_Dataset records_
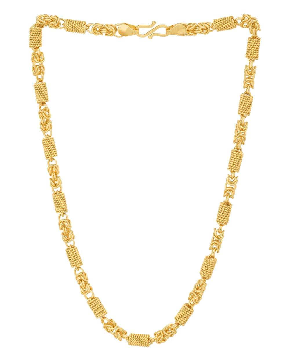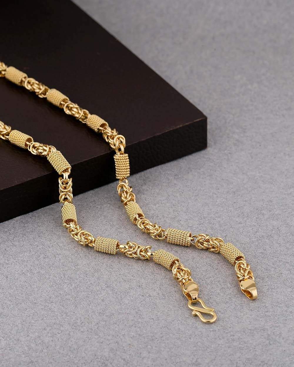 The Accessory: A sure head turner, this perfectly crafted gold plated designer link chain would give you a classic look and feel. How To Wear It: This gold link chain will complement all your formal and casual looks. Look The Part: This classy designer chain is a perfect wear for any formal or festive occasion. To make your accessories last longer avoid harsh chemicals and moisture. Keep dry, clean with dry cloth and wear with panache. "From the House of Voylla, India's largest fashion jewelry brand comes DARE, a line of handcrafted accessories for the modern Indian man. |
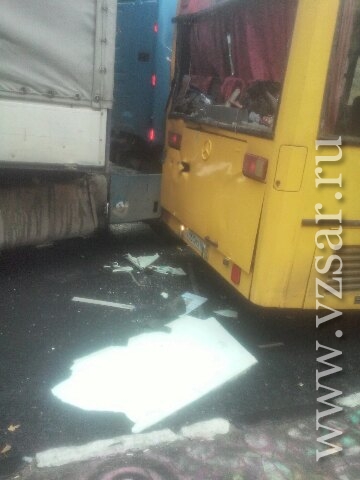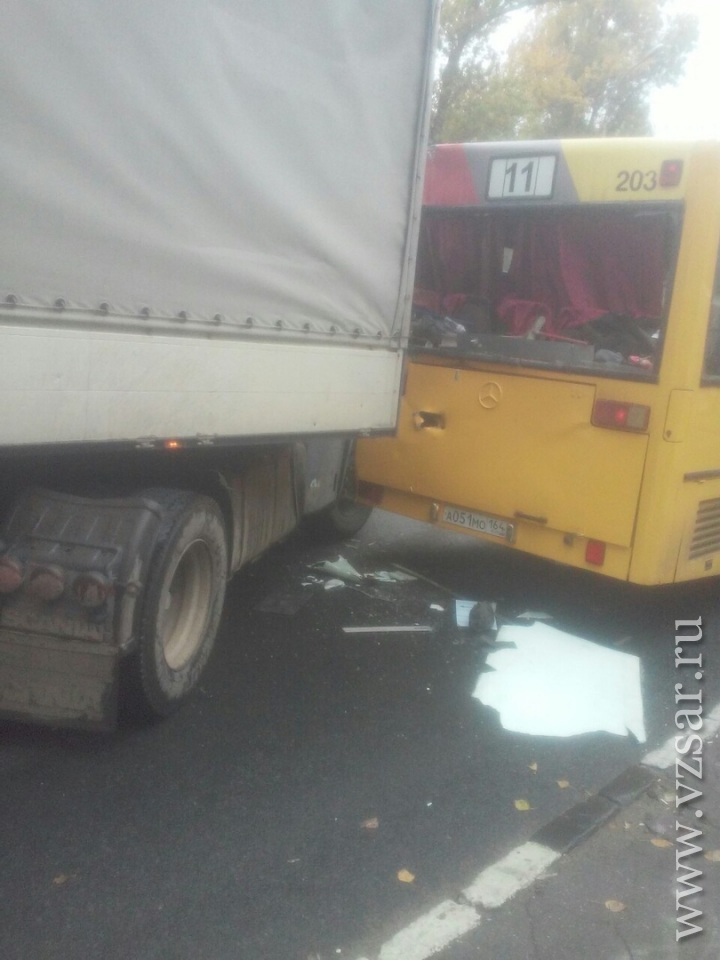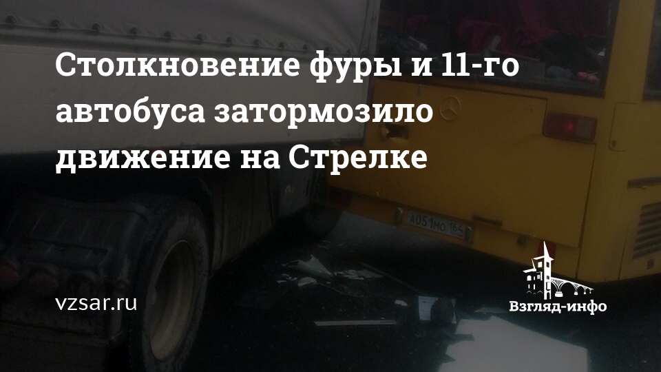 Фура и автобус 11-го столкнулись между мостом и троллейбусной остановкой.
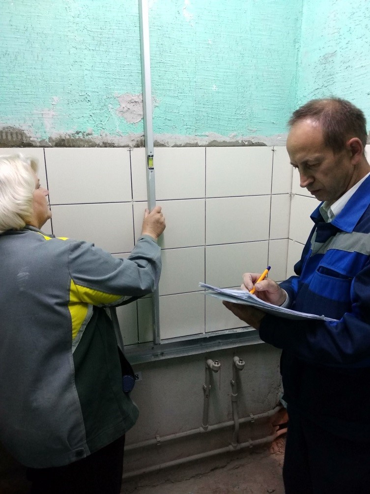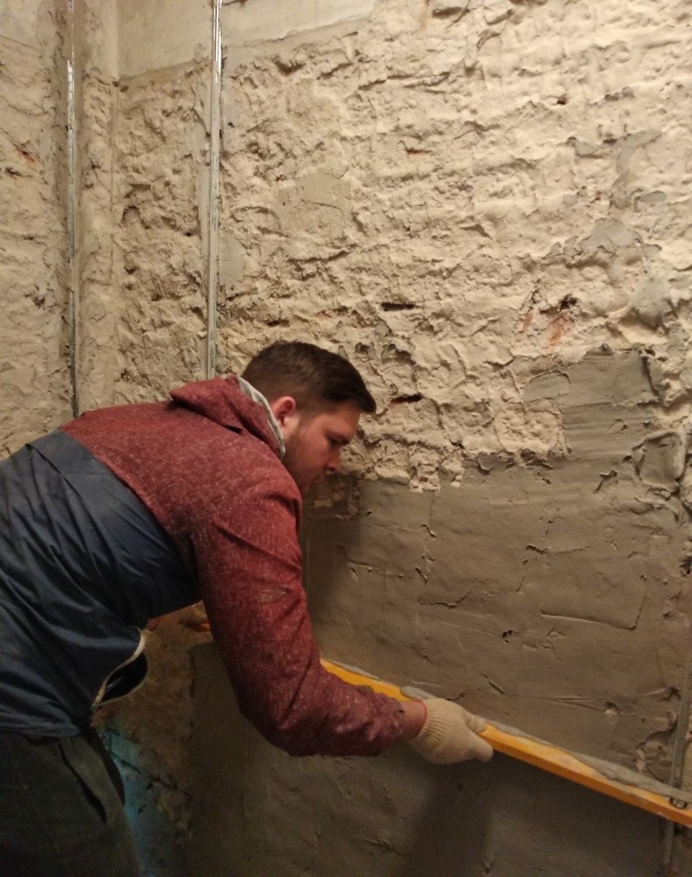 Практический этап квалификационного экзамена на получение квалификации рабочего «Штукатур 4-го разряда» и «Облицовщик-плиточник 3-го разряда» проводился в учебной группе 113-18 на участке производства ремонтных работ в общежитии колледжа в отдельных жилых блоках.
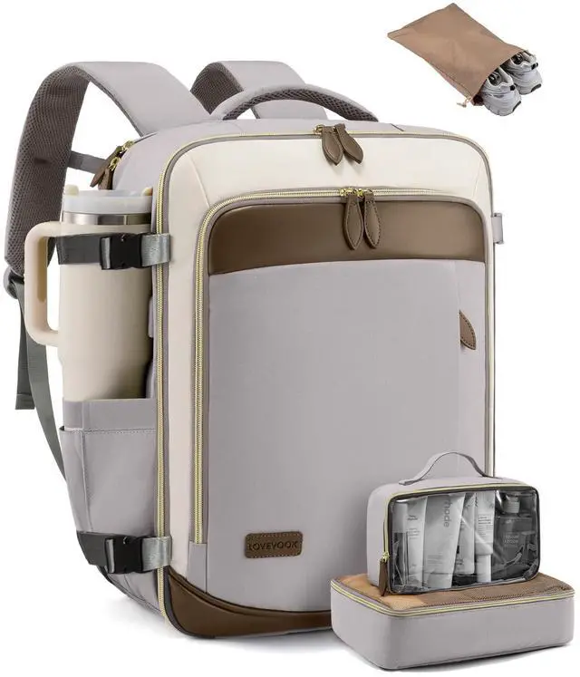 EXPANSIVE 50L CAPACITY FOR ORGANIZED TRAVEL - Journey with everything your travel essentials for 4-7days, neatly organized in this versatile carry on backpack. Its luggage-style main compartment, separate laptop section, and multi-pocket zipper front pocket offer unmatched convenience ^^ LIGHTWEIGHT YET RUGGED - Crafted from tear-resistant, water-resistant materials, this travel backpack for women weighs a mere 2.6 pounds. Complemented by exquisite craftsmanship and reinforced stress points. This backpack withstands the rigors of travel ^^ AIR TRAVEL MADE EFFORTLESS - Glide through airports with ease! This carry on bag, sized at 19.5 x14x9 inches, aligns with most airline carry on travel bag requirements.
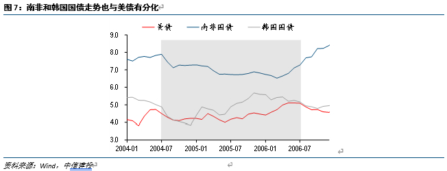 南非和韩国在逆势降息阶段,国债表现并不差。另一个大家更为关心的话题,则是债市如何表现。以南非和韩国为例,二者均在美国加息的前半段进行逆势操作。这一阶段,首先美债整体较为平稳,加息落地后大幅上冲不明显。其次,韩国和南非国债收益率均明显下行,幅度均在100个bp以上。因此,国债的走势这个阶段仍整体由国内货币政策决定。
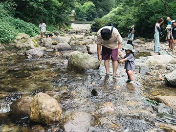豊かな森と、川のせせらぎが美しいキャンプ場「モリノネカワノネ」で、みんなでつくる、ひみつのあそびば!

_What you are asked to do_
Your task is to quote exactly the lines from the one with "Практический этап квалификационного" through the end of the material, both included, without reproducing any pictures.

_Written answer_
 Практический этап квалификационного экзамена на получение квалификации рабочего «Штукатур 4-го разряда» и «Облицовщик-плиточник 3-го разряда» проводился в учебной группе 113-18 на участке производства ремонтных работ в общежитии колледжа в отдельных жилых блоках.
 EXPANSIVE 50L CAPACITY FOR ORGANIZED TRAVEL - Journey with everything your travel essentials for 4-7days, neatly organized in this versatile carry on backpack. Its luggage-style main compartment, separate laptop section, and multi-pocket zipper front pocket offer unmatched convenience ^^ LIGHTWEIGHT YET RUGGED - Crafted from tear-resistant, water-resistant materials, this travel backpack for women weighs a mere 2.6 pounds. Complemented by exquisite craftsmanship and reinforced stress points. This backpack withstands the rigors of travel ^^ AIR TRAVEL MADE EFFORTLESS - Glide through airports with ease! This carry on bag, sized at 19.5 x14x9 inches, aligns with most airline carry on travel bag requirements.
 南非和韩国在逆势降息阶段,国债表现并不差。另一个大家更为关心的话题,则是债市如何表现。以南非和韩国为例,二者均在美国加息的前半段进行逆势操作。这一阶段,首先美债整体较为平稳,加息落地后大幅上冲不明显。其次,韩国和南非国债收益率均明显下行,幅度均在100个bp以上。因此,国债的走势这个阶段仍整体由国内货币政策决定。
豊かな森と、川のせせらぎが美しいキャンプ場「モリノネカワノネ」で、みんなでつくる、ひみつのあそびば!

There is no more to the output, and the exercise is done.